TO DO:
In your reply, repeat the full listing exactly and leave each picture out.

DATA EXCERPT:

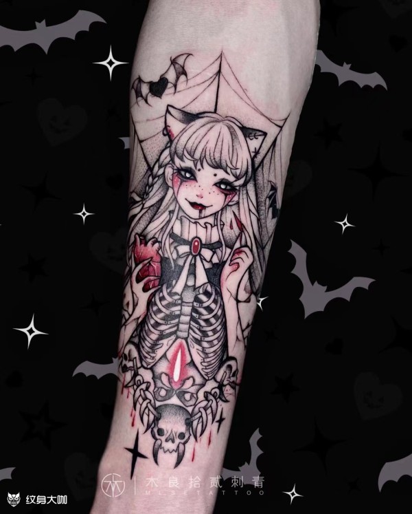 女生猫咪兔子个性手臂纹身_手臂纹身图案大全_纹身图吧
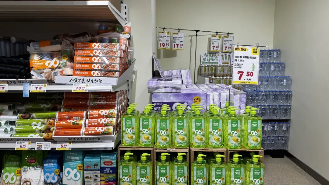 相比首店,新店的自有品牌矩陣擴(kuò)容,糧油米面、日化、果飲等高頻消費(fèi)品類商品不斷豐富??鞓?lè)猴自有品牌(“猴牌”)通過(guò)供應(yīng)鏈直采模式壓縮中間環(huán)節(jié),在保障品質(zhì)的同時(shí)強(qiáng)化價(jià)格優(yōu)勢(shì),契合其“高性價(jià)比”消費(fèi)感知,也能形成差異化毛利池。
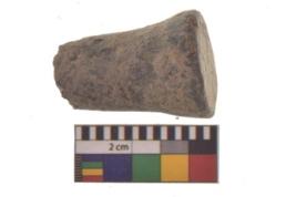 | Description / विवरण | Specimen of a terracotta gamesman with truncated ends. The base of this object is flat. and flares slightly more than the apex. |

FINISHED EXERCISE:
 女生猫咪兔子个性手臂纹身_手臂纹身图案大全_纹身图吧
 相比首店,新店的自有品牌矩陣擴(kuò)容,糧油米面、日化、果飲等高頻消費(fèi)品類商品不斷豐富??鞓?lè)猴自有品牌(“猴牌”)通過(guò)供應(yīng)鏈直采模式壓縮中間環(huán)節(jié),在保障品質(zhì)的同時(shí)強(qiáng)化價(jià)格優(yōu)勢(shì),契合其“高性價(jià)比”消費(fèi)感知,也能形成差異化毛利池。
 | Description / विवरण | Specimen of a terracotta gamesman with truncated ends. The base of this object is flat. and flares slightly more than the apex. |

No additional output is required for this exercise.